Max's bilingual montessori school here draws a hodgepodge of kids whose families have settled temporarily in Paris. Most of his classmates in his tiny class speak two languages at home, often not the same two they speak at school. These families are almost all going to go elsewhere eventually, and so they're reluctant to put their kids into the notoriously rigid French public school system. Or else they're committed to montessori education, something about which we knew little before arriving here. It's very childcentric and--if this school is representative--very earnest.

This week, after dropping Max off at school, Matt was stopped by a mother (American) who wanted to talk about something "upsetting" to her daughter, and asked if he could wait 10 minutes. With a sinking feeling he agreed, wondering what Max had done wrong this time. Well, nothing as it turned out--or nothing more than what we were already well aware of: whistling incessantly. He mastered this other new "skill" a few weeks ago, and has a particular fondness for whistling the Harry Potter theme song, a minor key ditty that repeats over and over. As with everything else, he does it at maximum volume. He has also mastered selective deafness when told to knock it off. Now apparently his teachers are as sick of listening to it as we are, and in class the other day, Anne said, "If you don't stop whistling, I'll have to put a piece of tape on your mouth."
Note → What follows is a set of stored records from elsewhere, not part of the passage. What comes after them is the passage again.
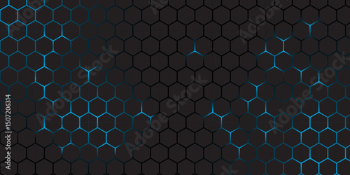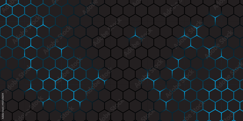Wall mural abstract futuristic hexagon grid background in blue and black. abstract tech honeycomb pattern with  - Wall murals Wall mural abstract futuristic hexagon grid background in blue and black. abstract tech honeycomb pattern with - Wall murals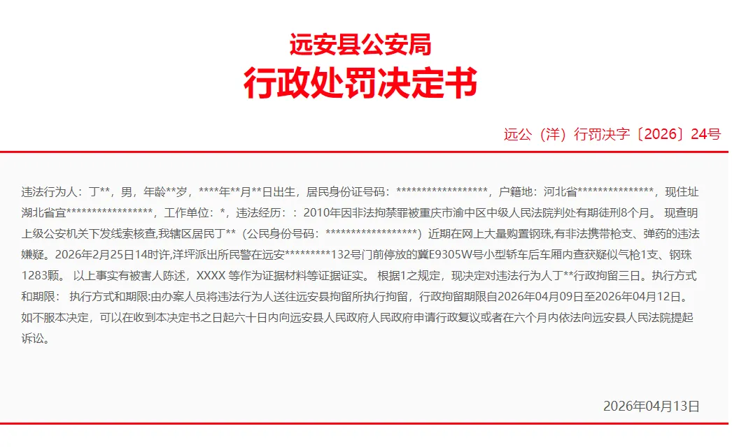 根据远安县公安局今天(2026年04月13日)刚发布在湖北公安执法公开平台上的这则行政处罚决定书显示,远安县公安局洋坪派出所根据上级线索,成功破获一起非法携带枪支弹药案,违法行为人丁某某被依法作出行政拘留处罚。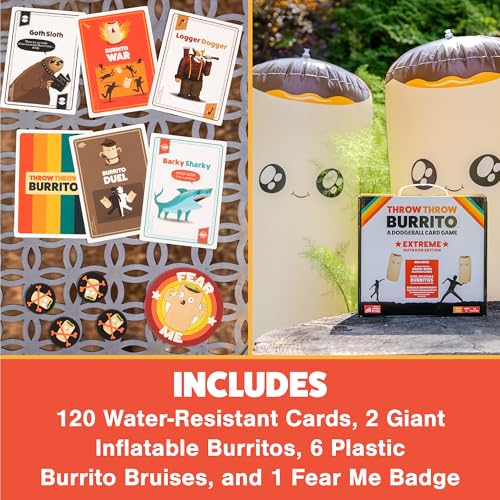 - The World's First Dodgeball Card Game: In this Extreme Outdoor Edition, the mayhem becomes GIGANTIC. Collect cards. Play your hand. Throw giant, inflatable burritos at your friends!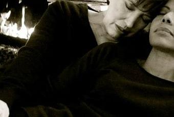 Square du Temple, devant la Mairie du Troisième, Olivier Ciappa exposait librement, en plein air et pour le plaisir de tous, ses photos de "people" (des gens que je n'apprécie pas forcément par ailleurs, mais qui me deviennent plus sympathiques d'avoir participé à ce projet) ses Couples imaginaires. En réaction aux délires et violences homophobes de ces derniers mois, des personnalités ont accepté de poser pour le photographe, seuls avec une dédicace ou en couples de même sexe. Roselyne Bachelot, qui n'est pas précisément ma tasse de thé, mais qui continue à montrer un courage politique rare, tendrement penchée sur l'épaule d'Audrey Pulvar, par exemple.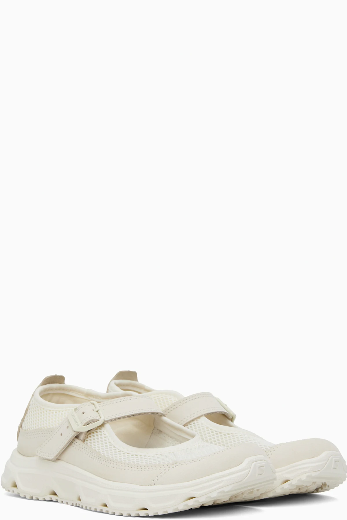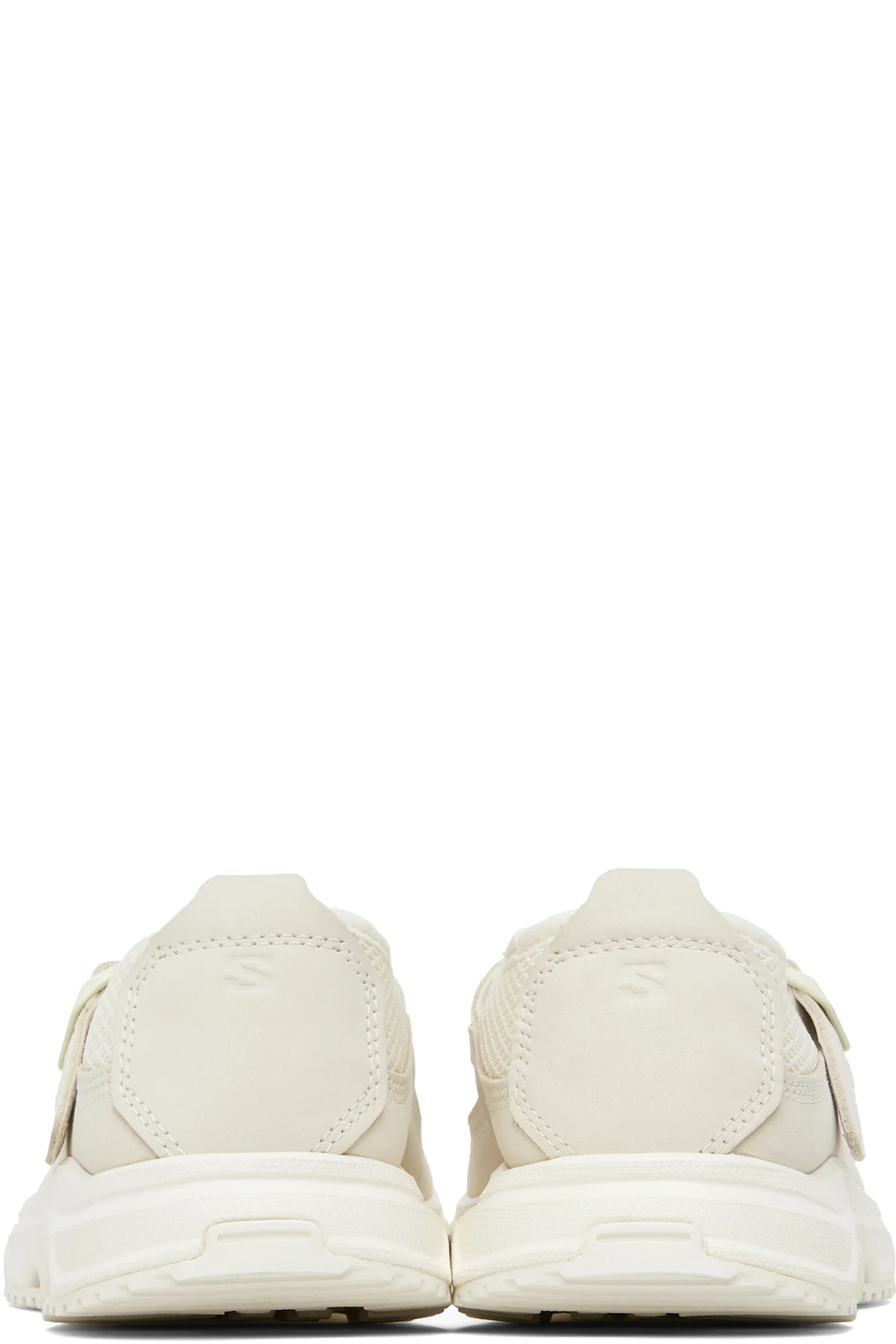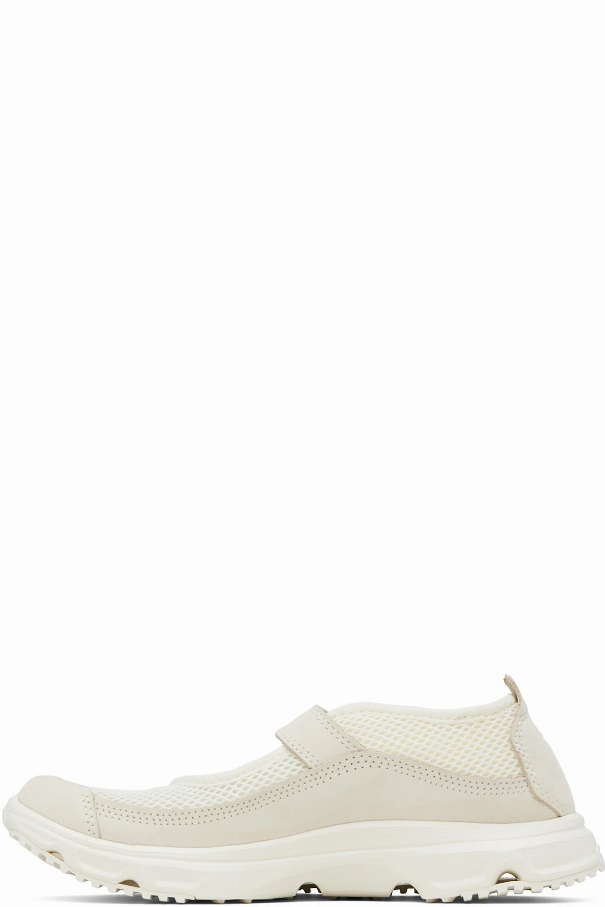 Mesh and nubuck Mary Jane-style loafers in off-white.

This is what had so upset this woman's daughter that she brought it up with her mother, who then shared the story with Matt and also with the other parents in the tiny class, all of whom were adamant that we should contact the administration ASAP. "I would have been on the phone in five minutes," one told me. "I would have considered pulling my child from the school," said another.

Both Matt and I thought: really? It's not like she actually taped his mouth, and to be honest, I wouldn't have cared if she had. As a kid at the French lycee in San Francisco, I often had a piece of scotch tape covering my mouth. It was an effective solution when kids chatted with their friends in class, as I was often wont to do. I remember it being kind of irritating but not traumatic. Besides, I remain convinced that we all--well, writers at least--benefit from these small humiliations. Without them, would anyone have anything to write about later on?

"When your teacher threatened to tape your mouth if you wouldn't stop whistling, how did you feel?" we asked Max privately, trying to figure out if we should be as upset as the other parents.

He shrugged. "Okay," he said.

"Were you scared?" we asked.

"No," he said.

"Did you feel upset at all?"

"No," he said. "I have very moist lips. I could use the power of my tongue to break through the tape. Besides, she's not really going to do it. She was just being sarcastic." He grinned.